Could Republican and Loyalist terrorism be contained, if Sinn Fein pushed for unification?

CCOB was certainly from Republican aristocracy as his family on both sides were actively involved in the National Cause. He also worked as a young diplomat for the Irish government's anti-partition campaign in the 50s under Dev.

He joined Labour and was very prominent in Irish leftist circles in the 60s and recognised from a very early stage the danger of the Provos and was to the forefront in actions against them, initiating Section 31. The Provos absolutely hated him beyond any Unionist politician in the North. In later years he joined Bob McCartney's Unionist party.

Speaking of the Orange in 1971 he was in Derry to watch the Apprentice Boys and was wandering around the field at St Columb's Park went he was identified as a southern Fenian and beaten up.

You can always rely on the Prods to shoot themselves in the foot when it comes to promotion and propaganda.
Why do you use the word 'Prods' when it seems you mean to refer to Loyalists thugs ?
 
Why do you use the word 'Prods' when it seems you mean to refer to Loyalists thugs ?
Just a bit of harmless banter, not meant seriously.

I think it's a bit of a given over the years that when it came to media savvy-ness and public relations, the Unionist side of the house was never quite as effective as the Nationalists when it came to getting their message across and gaining world sympathy, and beating the shite out of one of your biggest allies among the political and media elite (CCO'B) was just one minor example of this.

No offence was intended.
 
Just a bit of harmless banter, not meant seriously.

I think it's a bit of a given over the years that when it came to media savvy-ness and public relations, the Unionist side of the house was never quite as effective as the Nationalists when it came to getting their message across and gaining world sympathy, and beating the shite out of one of your biggest allies among the political and media elite (CCO'B) was just one minor example of this.

No offence was intended.
Thank you.
Agree your main point
 

skid2

LE
Book Reviewer
He only started locking them up when they didn't serve their purpose anymore and when he couldn't control them. He didn't mind when they were giving the Brits problems. It's when they started causing problems for the Free State he had some of them topped.

After all, Dev knew a bit about facism didn't he.
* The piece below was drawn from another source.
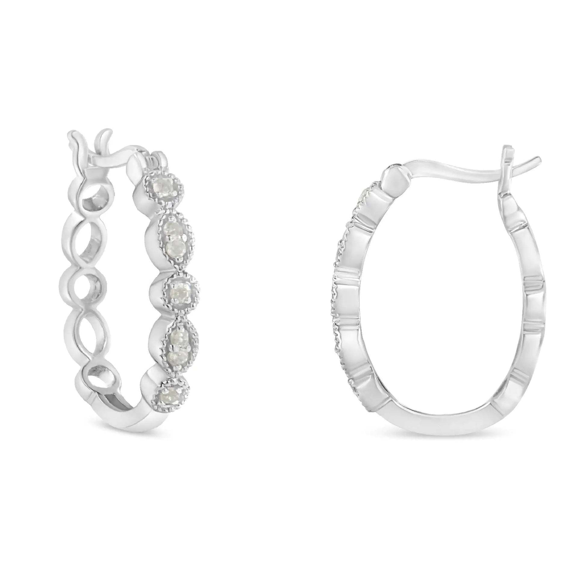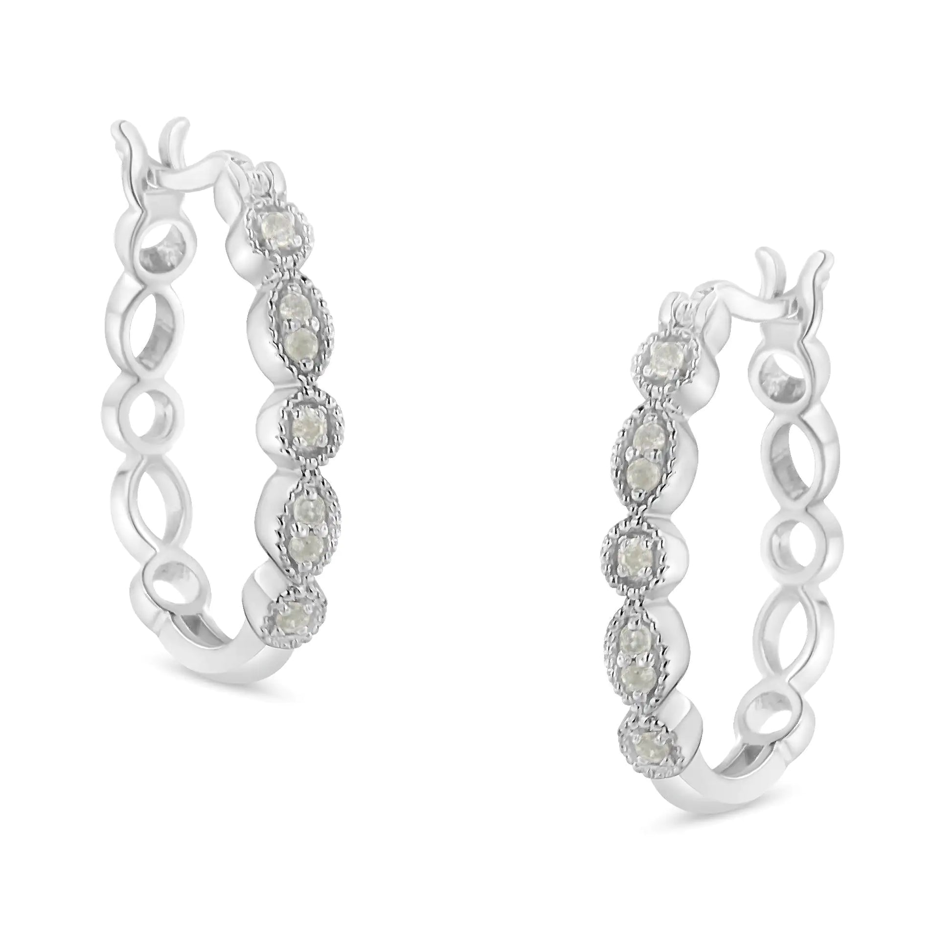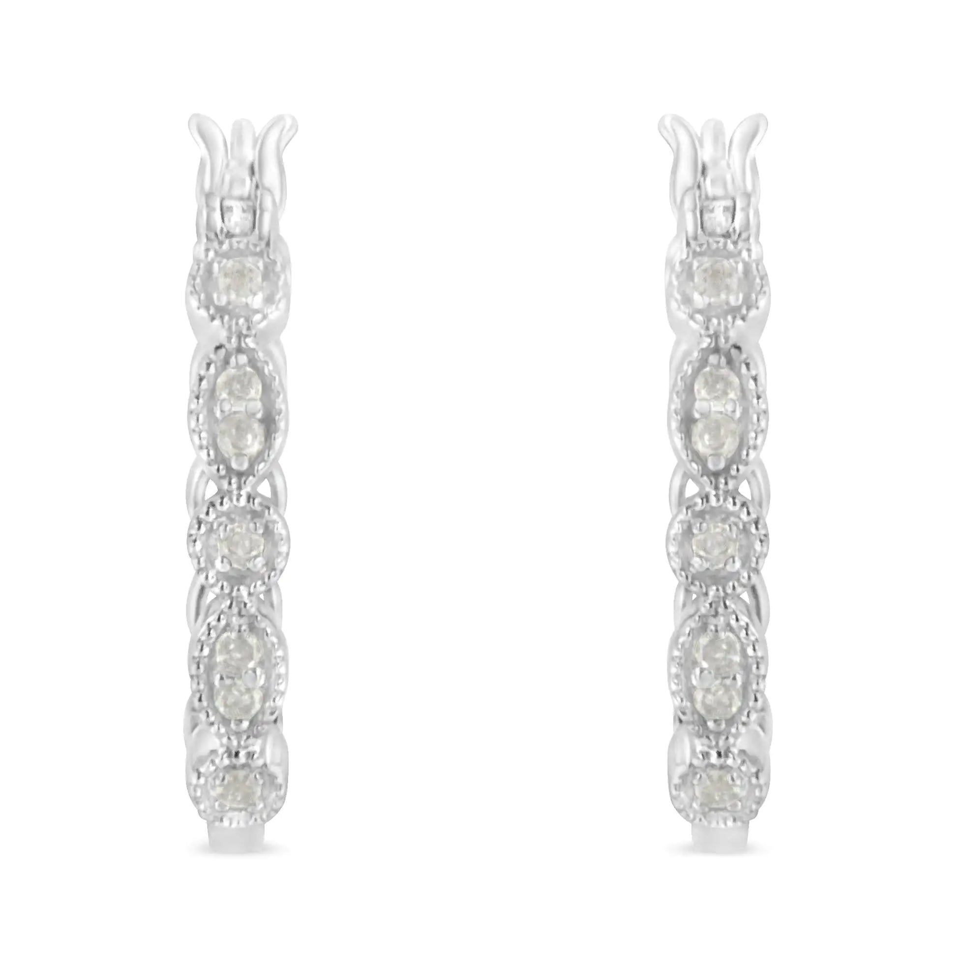 .925 Sterling Silver 1/6 cttw Diamond Milgrain Hoop Earring (I-J Color, I3 Clarity)

Didn't you have a chap in the Irish Government called Charles Haughty who was gun running to the IRA. Had his hands in the till when he became Irish PM or whatever you call it.
Yes, why didn’t Dev, and every other rebel leader of an ex British colony do the British counter insurgency work for it.
Begin, Gandhi, Kenyatta et al.
i wouldn’t defend Haughey on anything, him and Johnson would be well matched on the trustworthy stakes though.

As for support for Fascism, there were loads of it in British ‘high’ society.
Lord Londonderry, Astors and Edward VIII and the woman were fans as were the Mitfords and a Mosley or two.
PJ being a common greeting in some of the upper crustier circles.

Then you’d the boss of the Daily Mail, the paper itself and those who put on a blackshirt. They had ties to Public schools, claimed a membership of 40,000 and managed a last gasp rally of 12,000 in London.

It sort of eclipses anything De Valera managed to do.

As for gun running, Little was proved and Haughey did nothing to dispel it. No actual materiel ever made it to the Defence Committees across the border.
Experts tend to forget that bit, any weapons were lifted by the Special Branch and the Belgians.
 

skid2

LE
Book Reviewer
Did the attitude in the South towards the IRA depend on wether the Anti Treaty Party or the Pro Treaty Party was in charge. I liked that nice Bertie Ahern. He reminded me a bit of Father Ted.
.Nope, while we let out murderers and killers as part of the GFA. The IRA killers of an Irish policeman in the commission of a robbery.
Sinn Fein were told they weren’t getting out, so don’t ask.
They didn’t.
 
.Nope, while we let out murderers and killers as part of the GFA. The IRA killers of an Irish policeman in the commission of a robbery.
Sinn Fein were told they weren’t getting out, so don’t ask.
They didn’t.
So they only let them out if they had called British soldiers or Northern Irish Protestant or Catholic Policemen and civilians.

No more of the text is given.